----- Supplied data -----

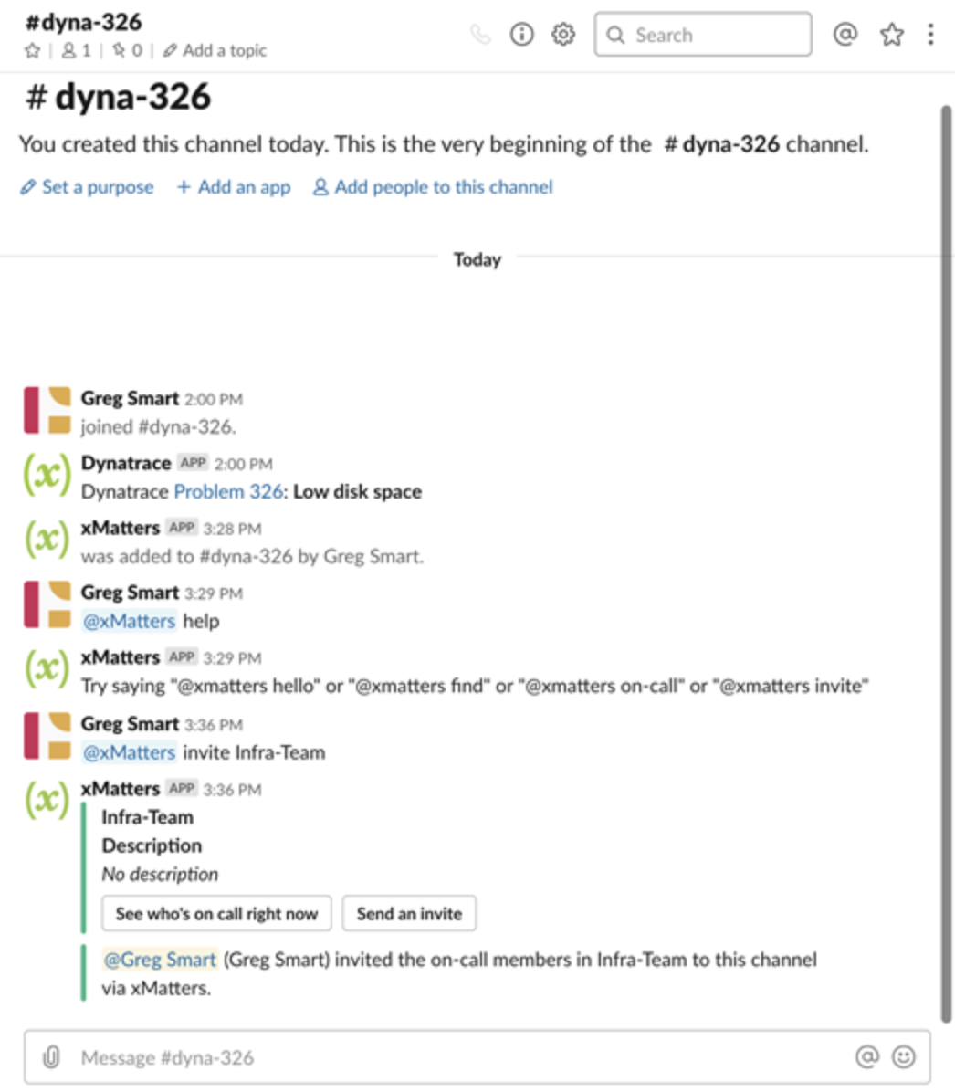 After starting a dedicated Slack channel, the xMatters Slackbot pulls the on-call database to invite the right resources to the channel,
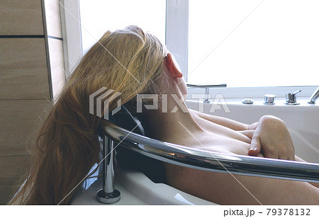 Wellness Concept. Beautiful Young Female Relaxing In Bathtub In Modern Bathroom
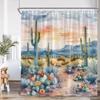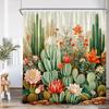 Cactus Cartoon Shower Curtain Desert Green Plant Watercolor Boho Vintage Bathtub Curtain with Hook Home Decorations for Bathroom
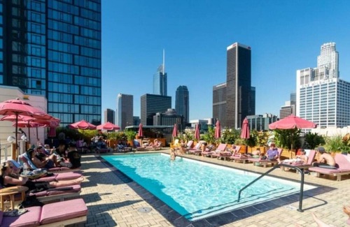 Step into the heart of Los Angeles with a romantic high-rise retreat that offers sweeping city views, a private balcony, and access to luxurious amenities like a rooftop pool, gym, and steam room.
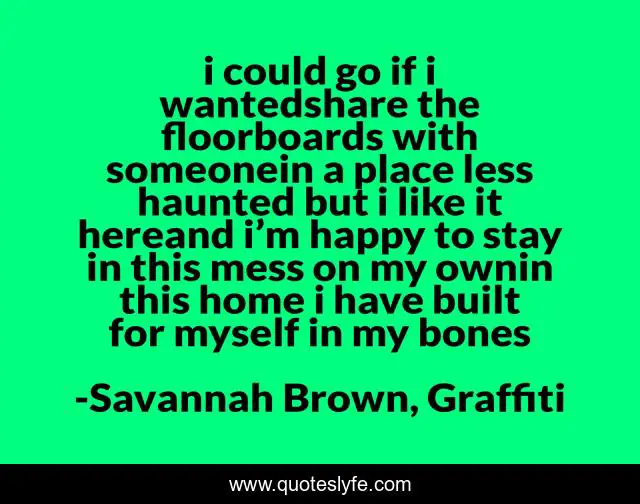This page presents the quote "i could go if i wantedshare the floorboards with someonein a place less haunted but i like it hereand i’m happy to stay in this mess on my ownin this home i have built for myself in my bones". Author of this quote is Savannah Brown, Graffiti. This quote is about loneliness, savannah-brown, poetry, real-estate, independence,.
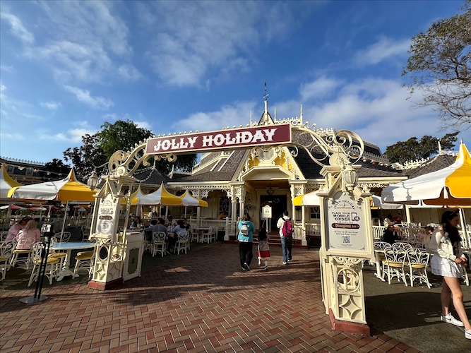 The Jolly Holiday Cafe at Disneyland has reopened after a refurbishment, allowing guests to once again enjoy the delicious treats and whimsical Mary Poppins details throughout. The sign is one of the bigs changes, removing the individual bulbs for a flat, light-up sign.
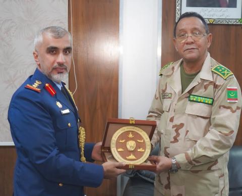 استقبل الفريق قائد الأركان العامة للجيوش، صباح الثلاثاء 9 سبتمبر 2025، الملحق العسكري الجديد المعتمد بسفارة دولة الإمارات العربية المتحدة في نواكشوط والمقيم بالمملكة المغربية، العقيد الركن فهد ضاحي حميد النعيمي، يرافقه مساعده الم
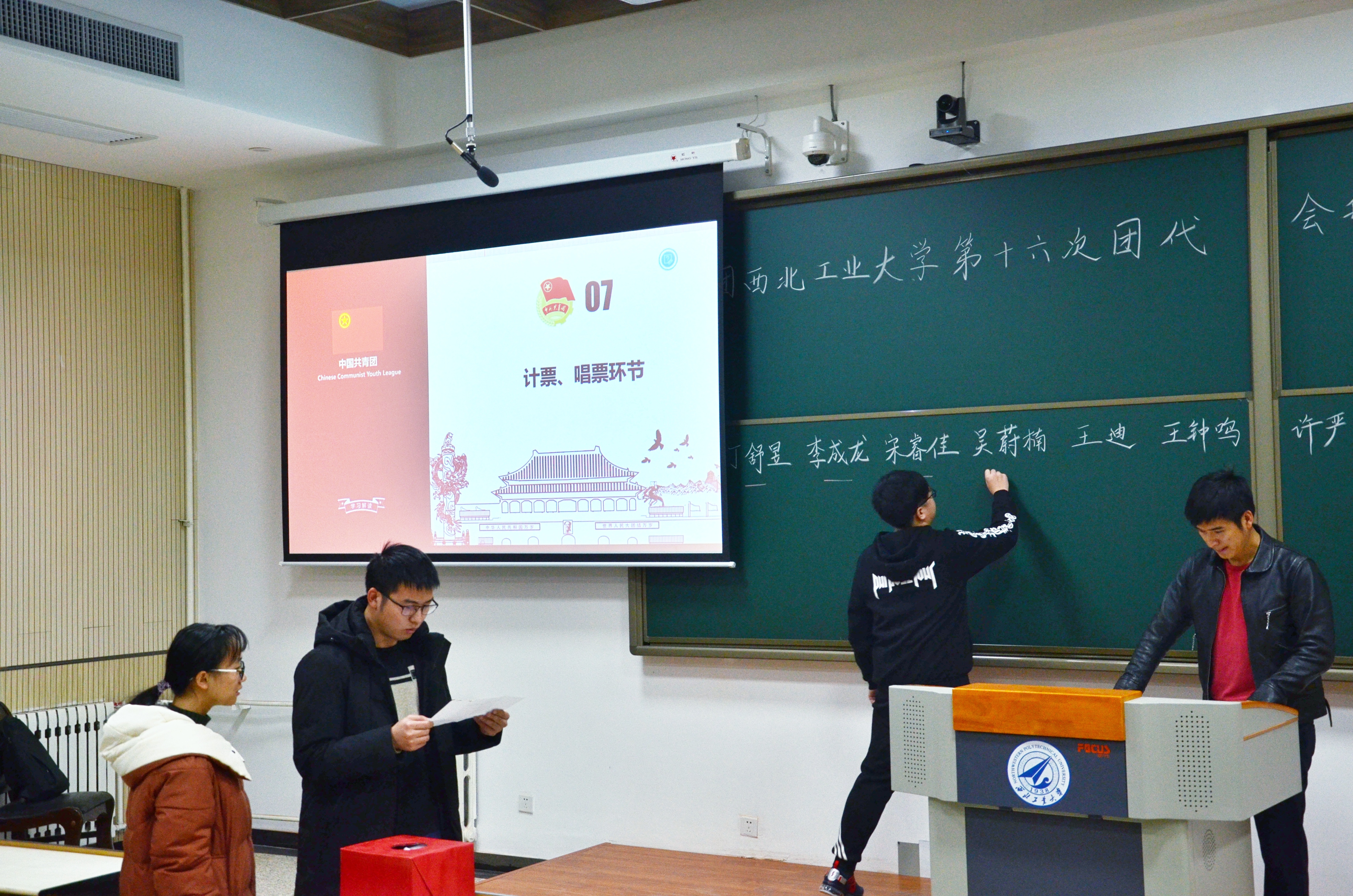 大会伊始,吴蔚楠老师向大家介绍了团代会的基本情况,宣读并通过了选举规则及监票人、计票人和唱票人名单,并简单介绍了各位代表候选人简历。正式选举前,通过广泛征求教师与学生意见,已初步推举出出席校第十六次团代会代表人选。

-----

What you are asked to do
Your reply should contain only an exact copy of the lines from the beginning of the material through the line with "Cactus Cartoon Shower", both ends included, with the pictures removed.

Exercise output
 After starting a dedicated Slack channel, the xMatters Slackbot pulls the on-call database to invite the right resources to the channel,
 Wellness Concept. Beautiful Young Female Relaxing In Bathtub In Modern Bathroom
 Cactus Cartoon Shower Curtain Desert Green Plant Watercolor Boho Vintage Bathtub Curtain with Hook Home Decorations for Bathroom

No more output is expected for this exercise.